Silver Investing in Tough Times?

August 5, 2009 by Administrator 


Over at The Faster Times, journalist Andrew Myers investigates whether or not silver tableware, bowls, pitchers, teapots, trays, and jewelry are a safe spot for investors to stash their cash during turbulent financial times. Myers says that if we look at silver as a precious commodity, there’s longstanding precedence pointing to: Yes.

According to British-born, Manhattan-based dealer Alistair Crawford, “Coins, i.e. money, were made from silver for centuries. If one had an excess of money, coins were melted down and fashioned into holloware as a visible display of wealth.” In pre-paper currency economies, silver thus became the medium for practical yet decorative profligacy, says Myers.

To learn more, Myers interviews San Francisco-based silver dealer Michael James, founder and managing director of The Silver Fund, who says, “The most-in-demand 20th-century silver are ‘signature’ pieces by esteemed designers that include Georg Jensen, the Danish maker who is known as ‘the Father of Scandinavian silver,’ and the major French talent, Jean E. Puiforcat,” adding that since he began selling Jensen silver 15 years ago, “the most important works have easily increased in value 15% a year—at least.”

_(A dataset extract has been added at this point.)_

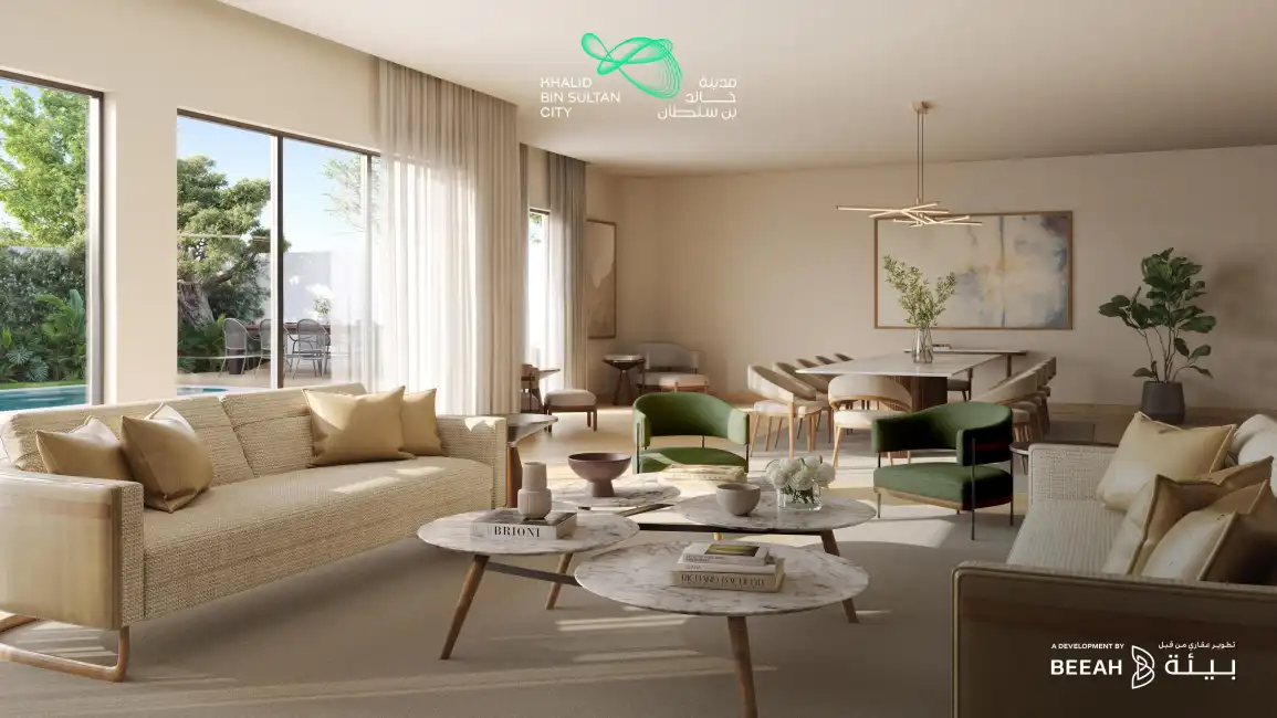 Khalid Bin Sultan City is a next-generation, net-zero-ready master community in Rodhat Al Sidr, Sharjah — developed by BEEAH Group with a visionary concept masterplan by Zaha Hadid Architects and residences designed by Tariq Khayyat Design Partners. Positioned between Al Dhaid Road and Khorfakkan Road, the community connects effortlessly to all Emirates while providing a tranquil, future-focused lifestyle.

James, who started the original Silver Fund in 1996 in London before relocating to San Francisco (first, in a shop near Union Square, and since last year in Jackson Square), notes that Americans are the majority of his clients, and were among the earliest to amass major silver collections: “William Randolph Hearst is said to have bought out the entire Jensen stand at its first U.S. show, the 1915 Pan Pacific Exposition in San Francisco.”